For the data below, retype word for word the lines from the one containing "Handwritten messages like" through the one containing "HICK, Jacqueline (1914-2004)"; drop the pictures.

• **LISTED RECORDS**
============
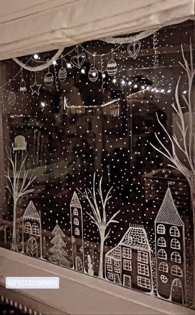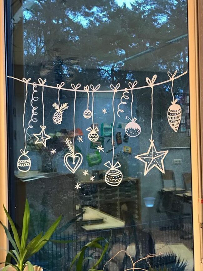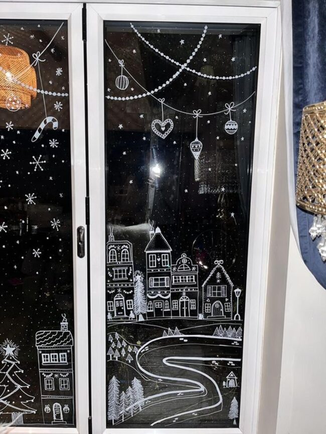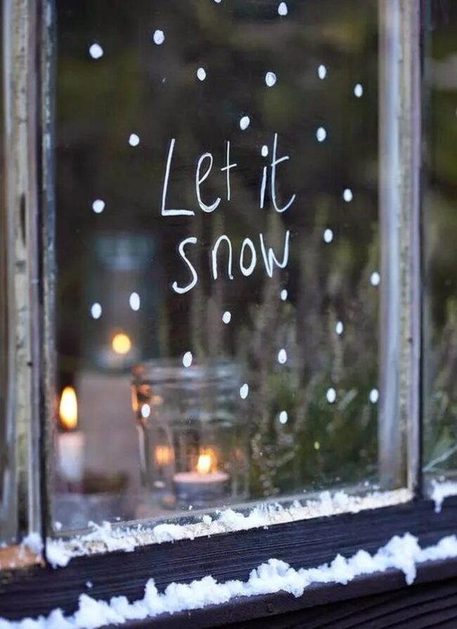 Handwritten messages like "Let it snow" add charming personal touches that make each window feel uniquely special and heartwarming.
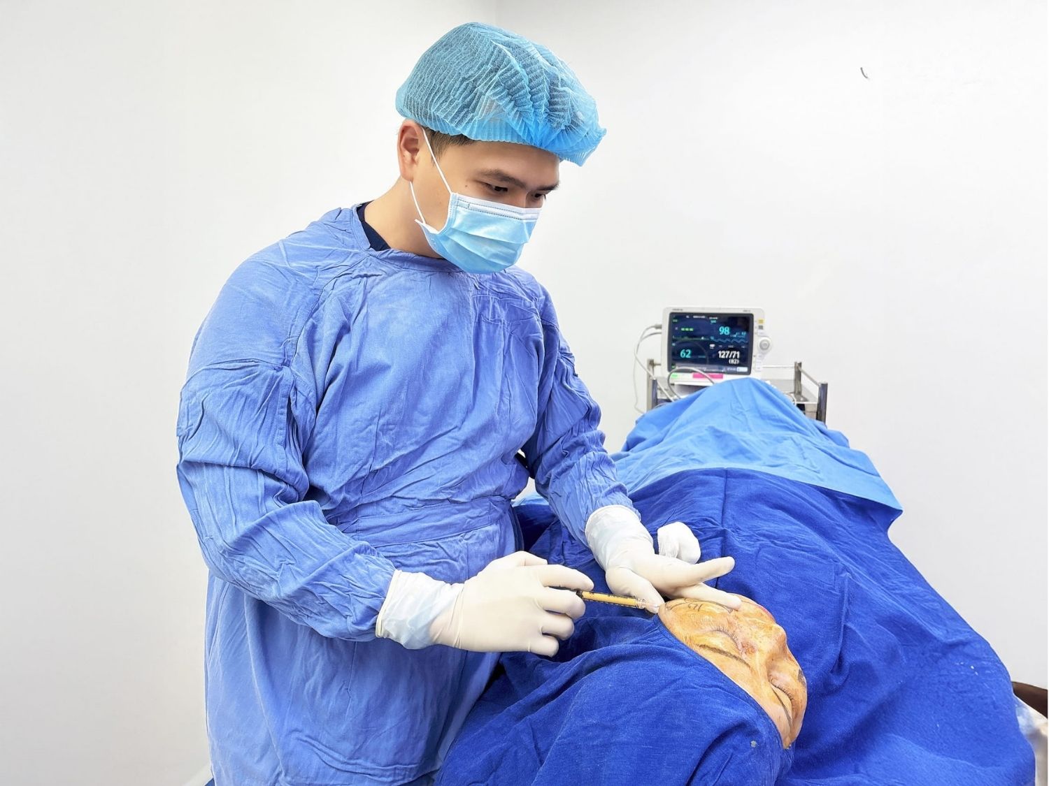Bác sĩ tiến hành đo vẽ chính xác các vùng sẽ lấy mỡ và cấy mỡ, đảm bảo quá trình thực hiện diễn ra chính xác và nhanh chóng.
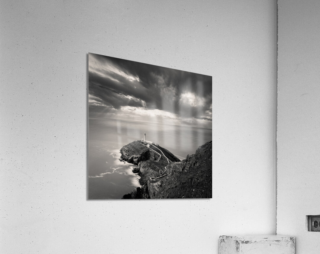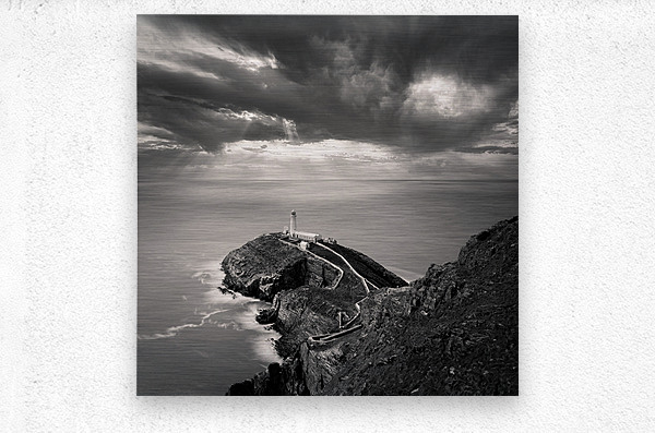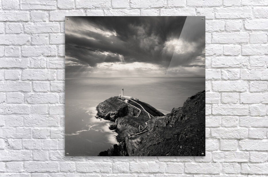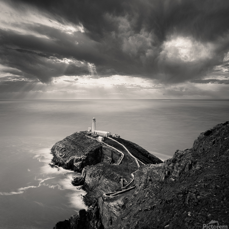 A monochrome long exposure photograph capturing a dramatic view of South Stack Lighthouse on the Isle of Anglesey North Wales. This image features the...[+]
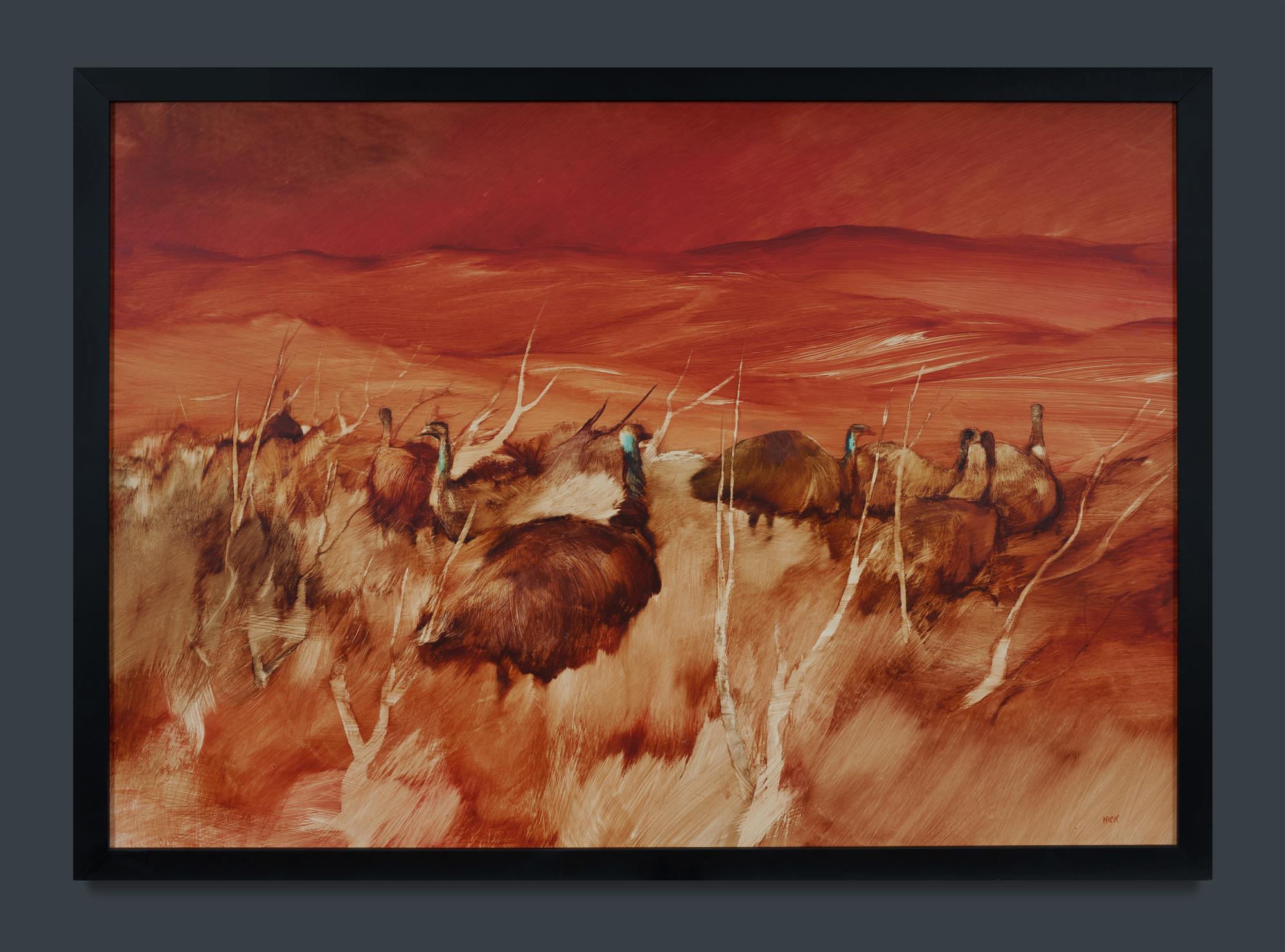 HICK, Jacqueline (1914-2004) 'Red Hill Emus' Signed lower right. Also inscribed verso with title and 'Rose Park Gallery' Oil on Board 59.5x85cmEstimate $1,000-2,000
============
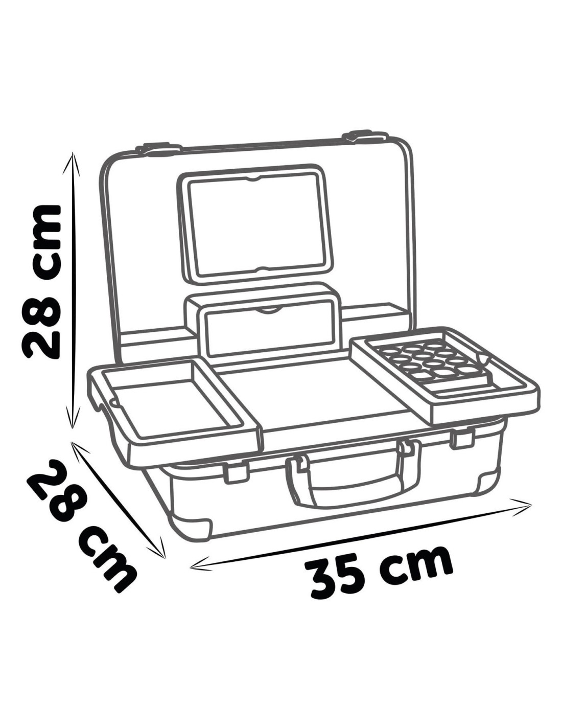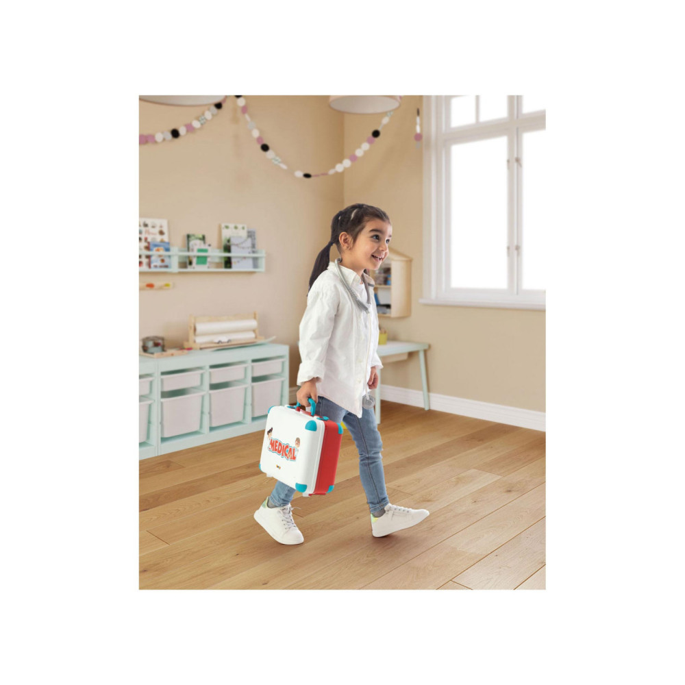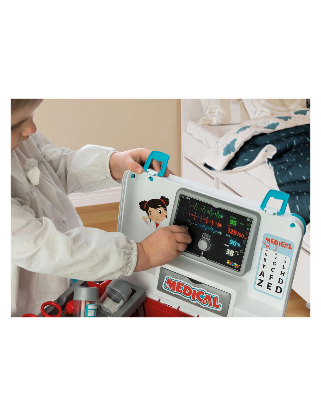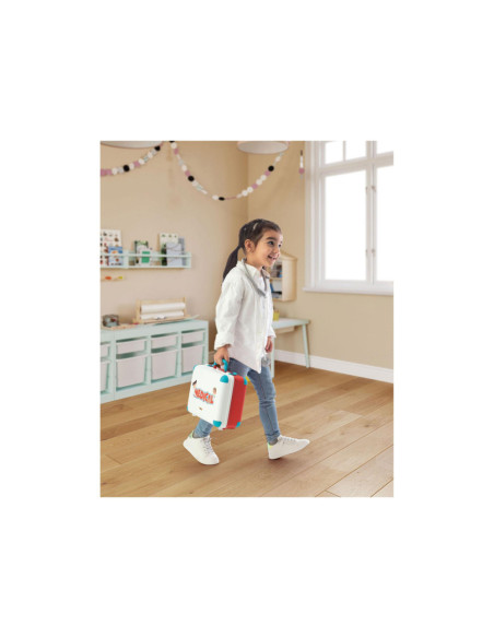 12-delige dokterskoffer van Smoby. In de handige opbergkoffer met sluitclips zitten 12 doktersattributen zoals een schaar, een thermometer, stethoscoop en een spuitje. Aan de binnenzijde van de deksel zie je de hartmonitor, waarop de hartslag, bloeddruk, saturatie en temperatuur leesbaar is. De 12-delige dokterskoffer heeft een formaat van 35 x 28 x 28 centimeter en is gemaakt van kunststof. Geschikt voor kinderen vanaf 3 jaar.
============
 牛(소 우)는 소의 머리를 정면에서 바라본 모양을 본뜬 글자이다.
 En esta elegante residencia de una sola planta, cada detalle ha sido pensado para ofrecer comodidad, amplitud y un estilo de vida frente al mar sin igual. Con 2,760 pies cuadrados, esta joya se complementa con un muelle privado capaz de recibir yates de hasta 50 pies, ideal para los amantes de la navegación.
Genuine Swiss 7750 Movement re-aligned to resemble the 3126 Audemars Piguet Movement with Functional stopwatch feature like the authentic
============
• **RESPONSE**
 Handwritten messages like "Let it snow" add charming personal touches that make each window feel uniquely special and heartwarming.
Bác sĩ tiến hành đo vẽ chính xác các vùng sẽ lấy mỡ và cấy mỡ, đảm bảo quá trình thực hiện diễn ra chính xác và nhanh chóng.
 A monochrome long exposure photograph capturing a dramatic view of South Stack Lighthouse on the Isle of Anglesey North Wales. This image features the...[+]
 HICK, Jacqueline (1914-2004) 'Red Hill Emus' Signed lower right. Also inscribed verso with title and 'Rose Park Gallery' Oil on Board 59.5x85cmEstimate $1,000-2,000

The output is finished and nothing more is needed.